Chapter 23 Avah
AVAH
Gravel crunches under our tires as we pull into the NorthStar caregiver camp just after noon on Friday.
Small cabins with green tin roofs nestle between thick clumps of lodgepole pines and aspens, their green leaves quivering even when there’s no discernible breeze.
Jeremy parks his Range Rover in a spot next to a minivan with a stick-figure family decal across the back window.
He stares at that decal like it just flipped him the bird.
I watch with growing amusement as his gaze drifts from the postage-stamp sized cabins to the main lodge, which is a sprawling if slightly shabby A-frame structure with a wraparound porch and window boxes full of geraniums that have seen better days.
“This is...” His tone holds an edge of disbelief. “Rustic.”
“Adorable,” I counter.
“Ramshackle?”
I give his arm a gentle nudge before opening the car door. “It’s perfect.”
“I think the lodge’s porch railing is being held together with zip ties.”
“This camp has character.”
“Seriously, Avah. We know they rent the location. I could help them buy land to build a permanent facility. If the Johnsons let me partner—”
“Patience, young grasshopper,” I tell him with a smirk then climb out and grab my weekend bag from the backseat.
Jeremy’s got his own duffel slung over one shoulder and is looking around the property like the network of woodchip paths between cabins is edged with dog turds instead of old railroad ties.
“Don’t be a snob.”
His gaze cuts to me. “I’m not a snob. I’m practical.”
“Believe it or not, a building with your name on it isn’t the answer to every question.” I keep my voice gentle because I know the impulse comes from a good place.
“There are no buildings with my name on them,” he protests.
“How about oncology fellowships and cancer centers?”
“They insisted,” he mutters.
“Sure they did,” I agree, my tone only mildly patronizing. His eyes narrow, but he can’t quite hide the way his lips twitch.
I take his hand and squeeze. “Instead of deciding for them, you need to spend the next two days listening and learning what the Johnsons and the NorthStar community actually need. That’s how you make a real difference.”

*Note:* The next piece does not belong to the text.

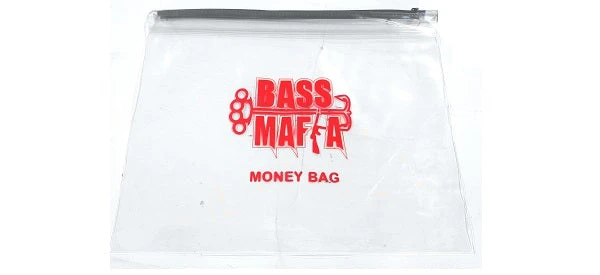 The Bass mafia Money Bag that is made from heavy duty vinyl, unable to be ripped or pulled apart. Locking system with zipper keeps the bag air tight and waterproof, perfect for protecting your favorite plastics or personal items from the elements.
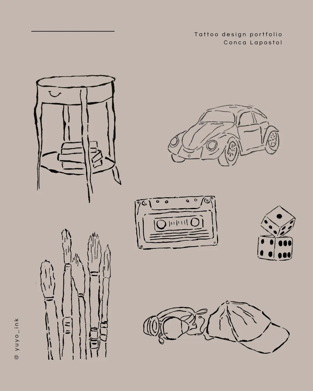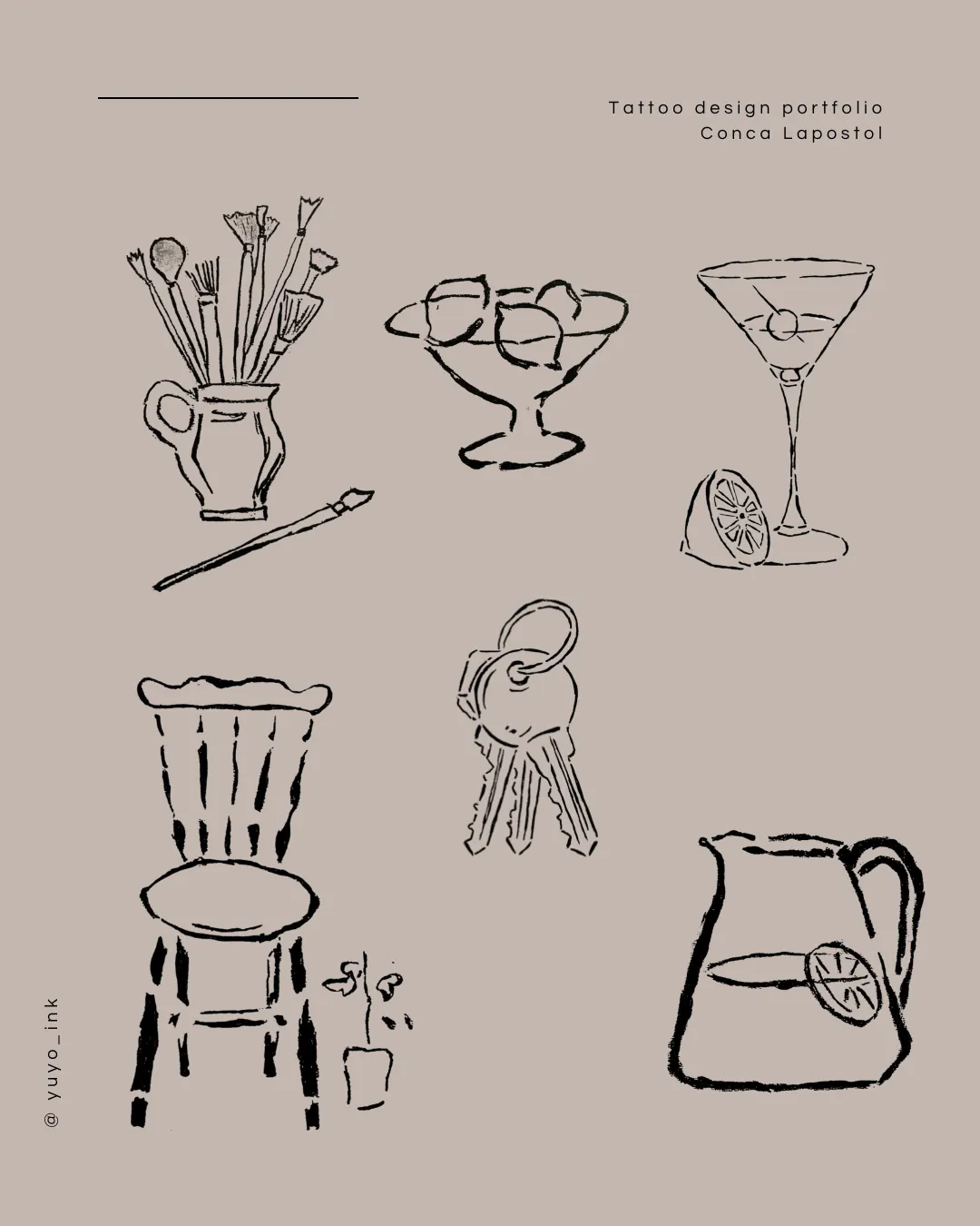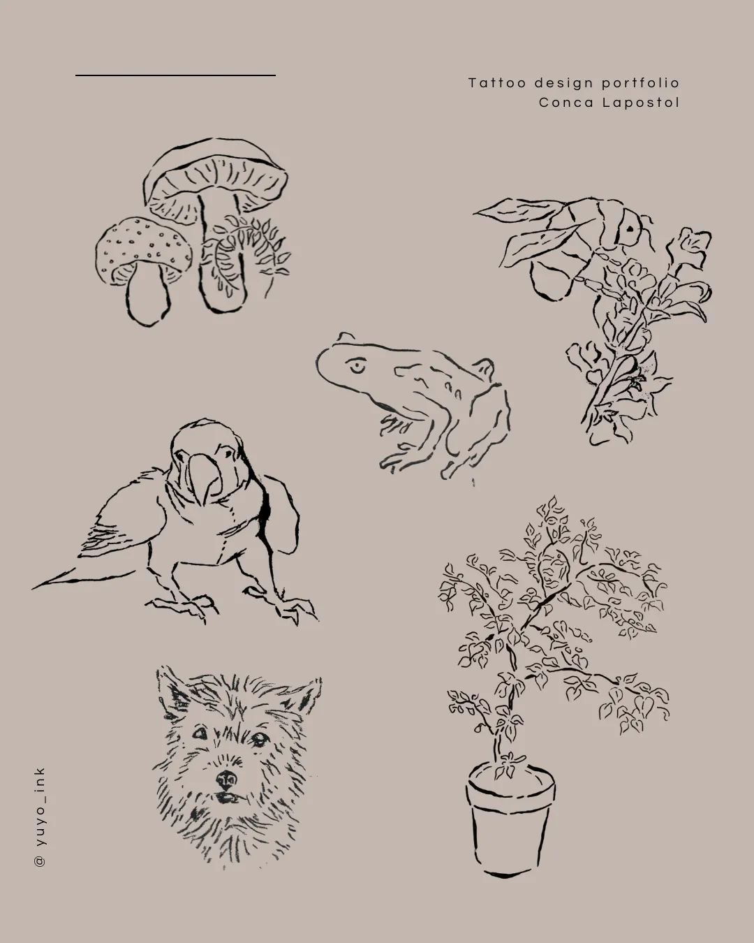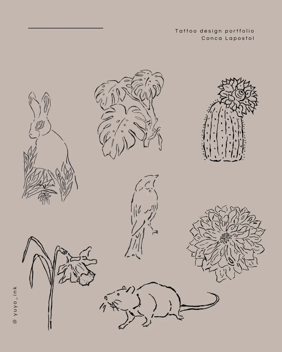 My name is Conca, creator of @yuyo_ink. I specialize in black tattoo designs inspired by nature, animals, and everyday objects from both the present and the past.

He holds my eyes for a beat, and I brace for the pushback. Jeremy does not enjoy being told he’s wrong. It’s one of his less endearing qualities, although I still find it oddly adorable. And I really like telling him he’s wrong.
“You’re right.”
I blink.
“Do you ever get tired of being right when you boss me around?”
“Nope.”
He flashes a smile that is one-hundred percent boyish charm, and my chest clenches hard enough to steal my breath.
The truth is, every time he allows me to have control without making me pay for it later in some small cruel way, I fall a little further into an emotional nosedive I have no idea how to pull out of. Not that I’d want to even if I could.
Obviously, it’s too soon for how hard I’ve caught feelings for this man. The smart move is to keep both feet on solid ground and stop letting my heart make decisions my brain knows are ridiculous.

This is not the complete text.